Work request:
Scan the records below for the line with "Using the app" and the line with "A Lovely 20th", and retype that range exactly, both ends included, pictures excepted.

===============

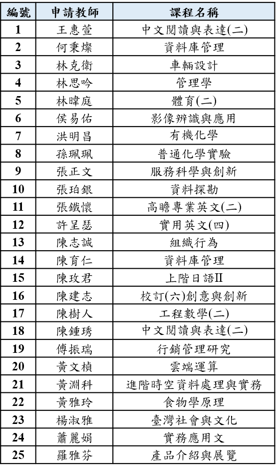 NEWS 最新消息 第二期計畫A 2026-03-02 公告事項--【公告】114-2學期「創新教學方法」核定補助名單 一、依據本校「教師教學創新補助與獎勵辦法」及115年度高教深耕計畫辦理。二、請注意補助經費需於本年(115)6月30日前核銷完畢。三、創新教學方法課程補助名單如下表:(依教師姓名筆劃排序) 公告信 23 Back回主頁
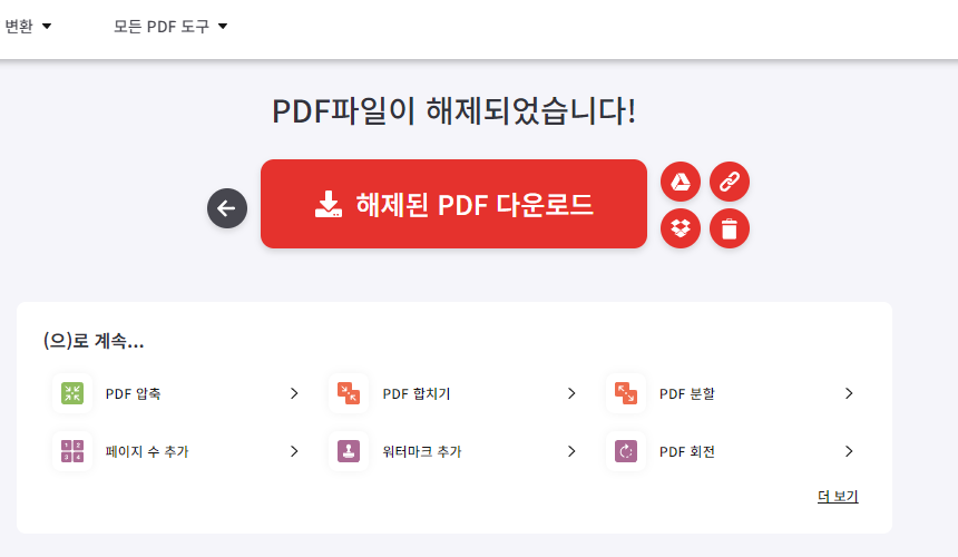 이후 화면에 보이는 PDF 잠금 해제 버튼을 클릭합니다.
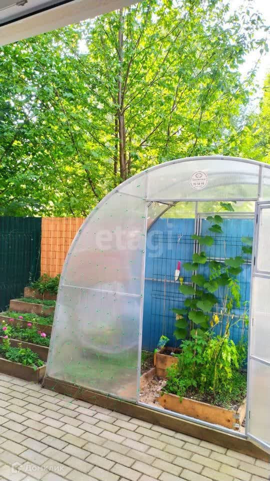 На заднем дворе есть небольшая теплица.
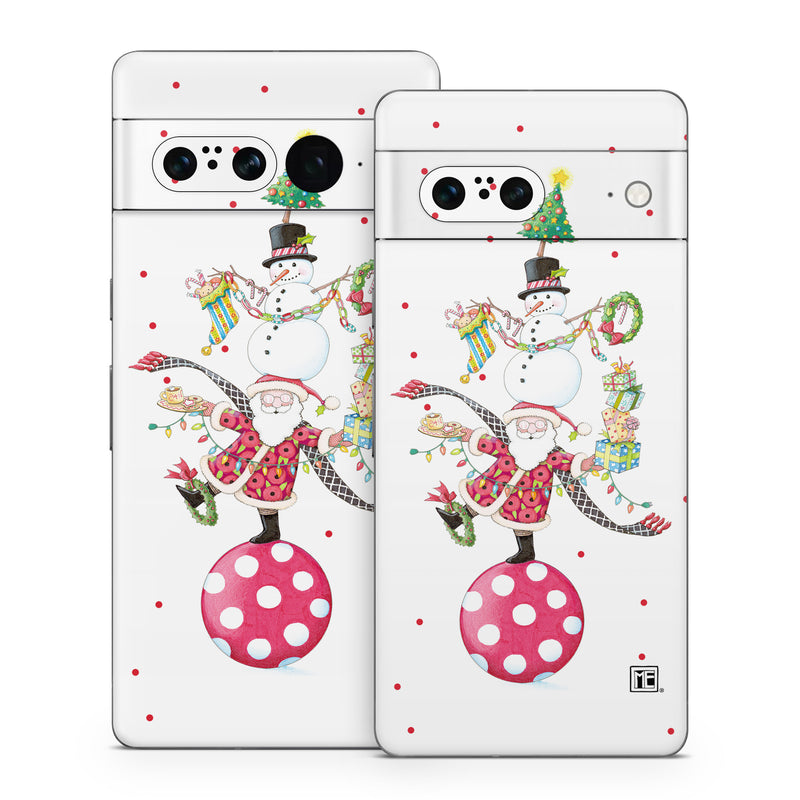 iStyles Google Pixel 7 Series Skin design of Snowman, Holiday ornament, Christmas ornament, Creative arts, Christmas decoration, Ornament, Pattern, Event, Art, Circle, with white, red, yellow, green, orange, black, blue colors, and tagged with people, fantasy, patterns, objects, santa, claus, snowman, presents, christmas, tree, ball, stocking, multitask.
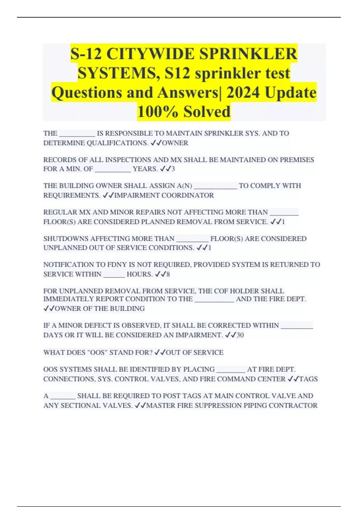 S12 Sprinkler Bundled Exams Full Solution Pack 100% Verified
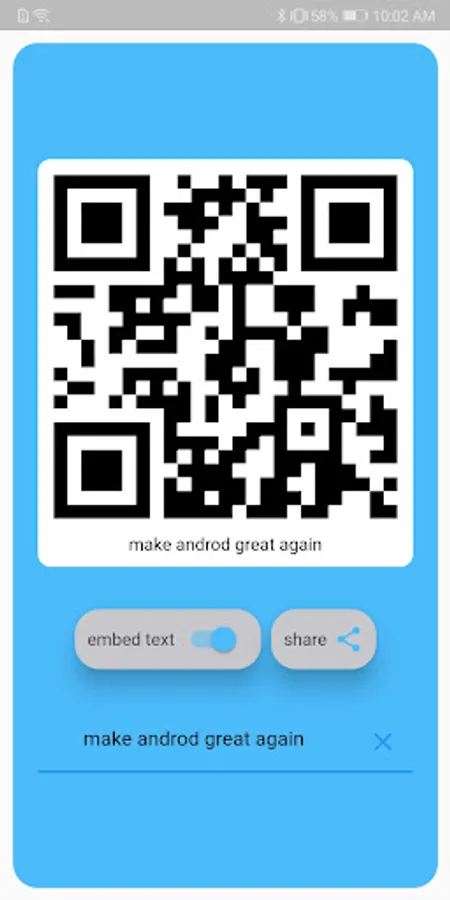 Using the app you will be able to create you own QR-code from any text data. Created code can be easyly shared as image over email, bluetooth or whatever your device allows.
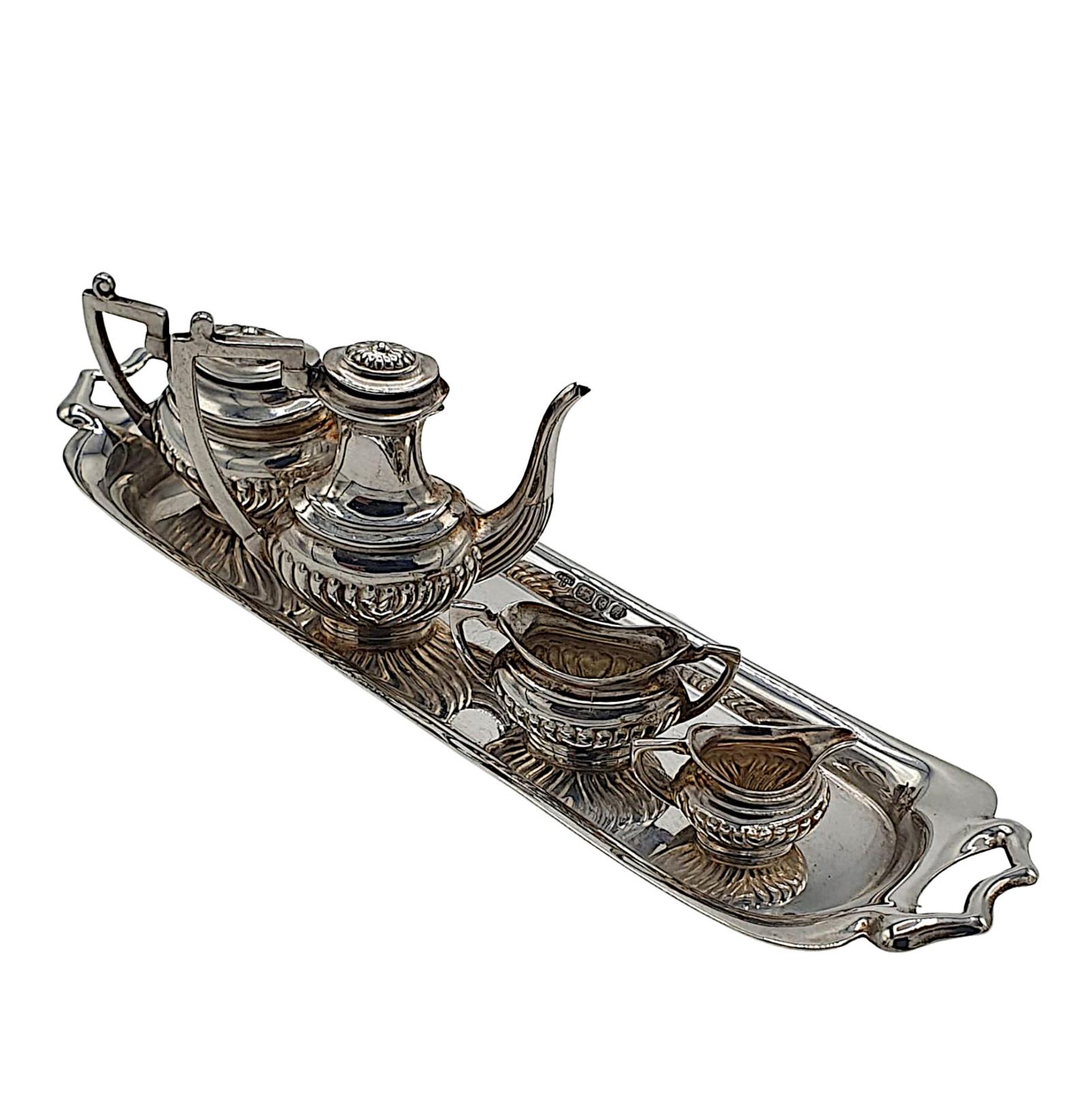 A Lovely 20th Century Sterling Silver Miniature Tea Set and Tray
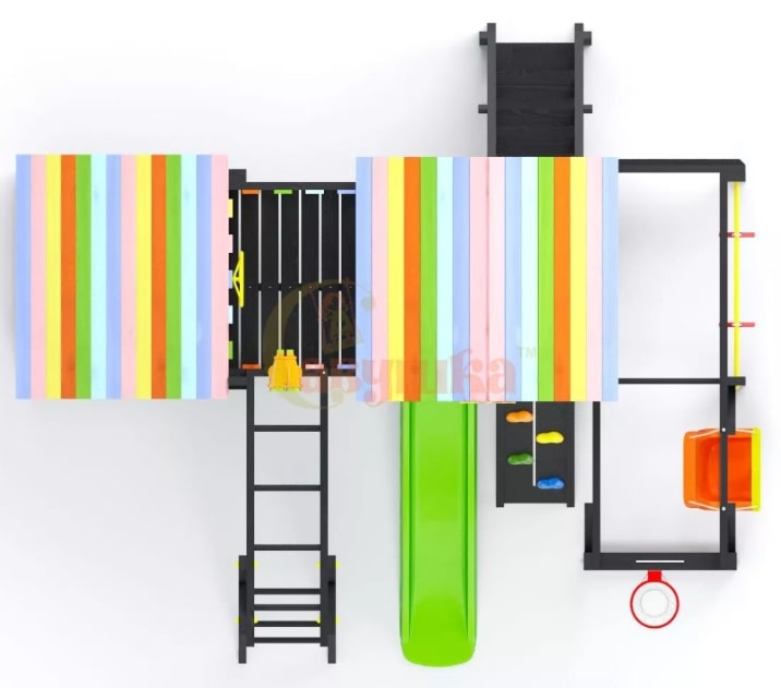 В комплектацию спортивной площадки входит оптимальный набор элементов для интересного и активного досуга деток самого разного возраста: от непременного атрибута всех наших комплексов игровой башни до таких любимых детьми качелей и альпинистской стенки.
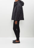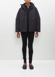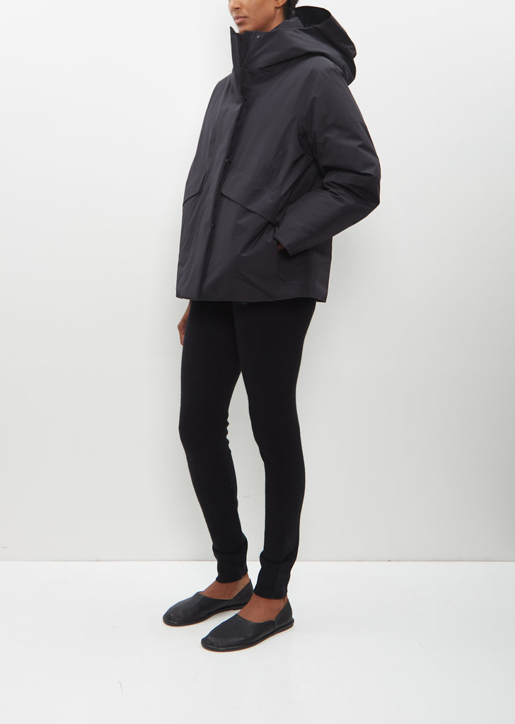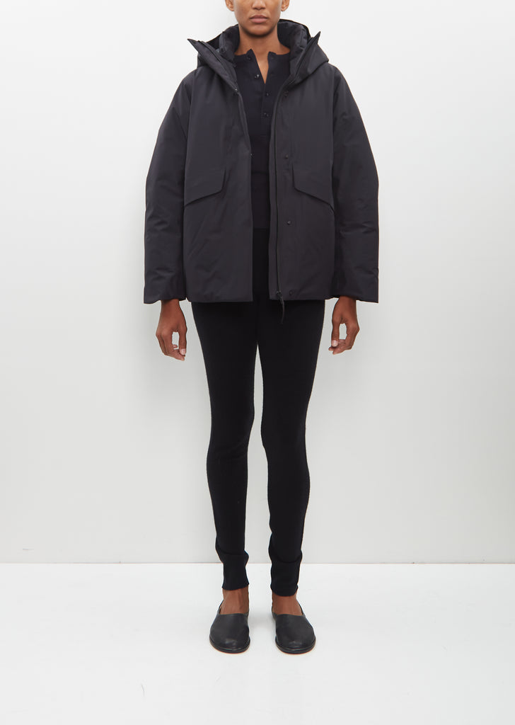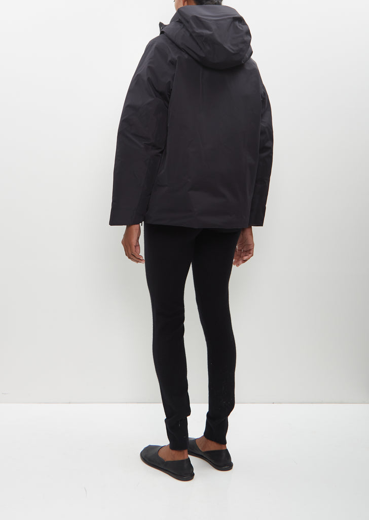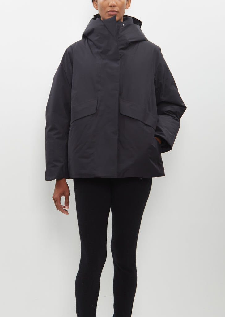 Veilance black loose-fit jacket in a durable lightweight waterproof, windproof and breathable nylon fabric. Features stormhood, drop shoulders, front flap pockets with additional side zip, interior slip pocket, and concealed zippered front placket with press buttons. Filled with 850 fill European grey goose down.
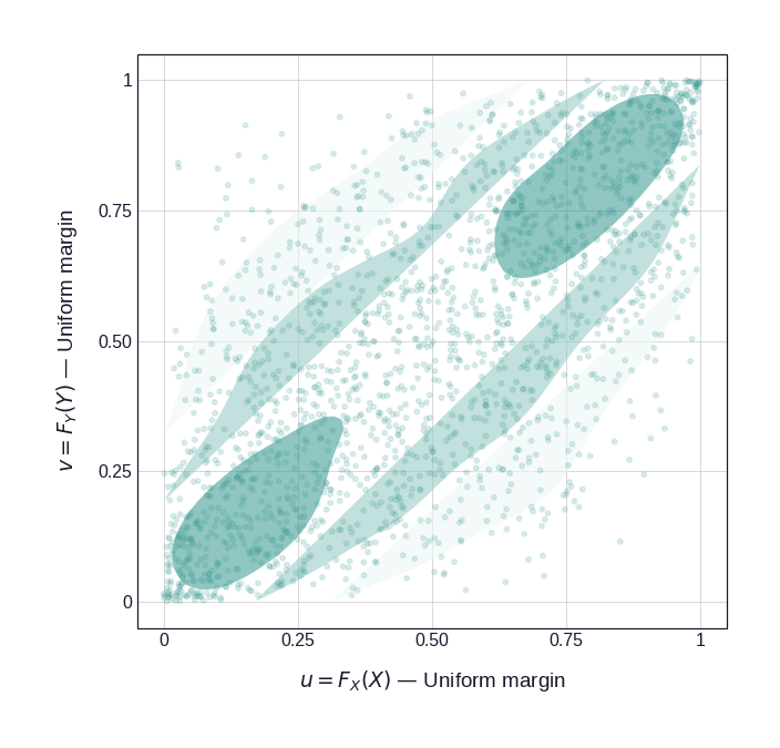 both of which are \(\mathrm{Uniform}(0,1)\) by construction. Their joint distribution is the copula:
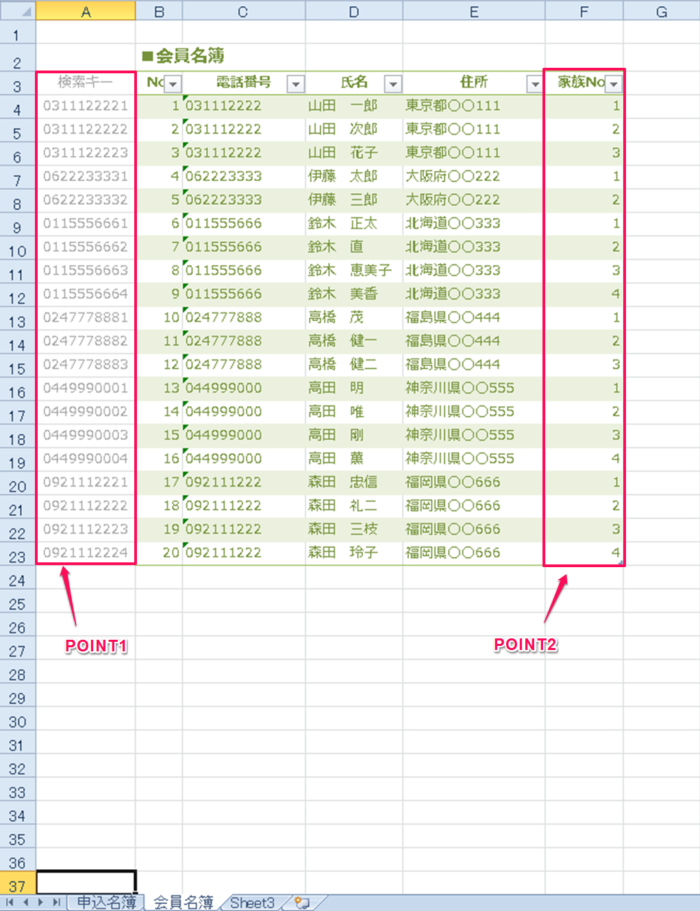 - POINT2:家族No.(同一電話番号内の通し番号)の作業列をつくる
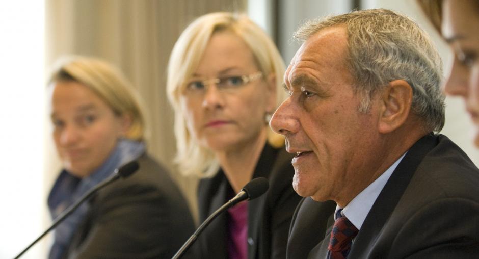 Tuija Brax (left), Finnish Minister of Justice; Eva Biaudet (centre), OSCE Special Representative; and Pietro Grasso (right), Chief Prosecutor of the Italian National Anti-Mafia Bureau, during a press conference in Helsinki, 10 September 2008. (OSCE/Petri Krook)

===============

Exercise result:
 Using the app you will be able to create you own QR-code from any text data. Created code can be easyly shared as image over email, bluetooth or whatever your device allows.
 A Lovely 20th Century Sterling Silver Miniature Tea Set and Tray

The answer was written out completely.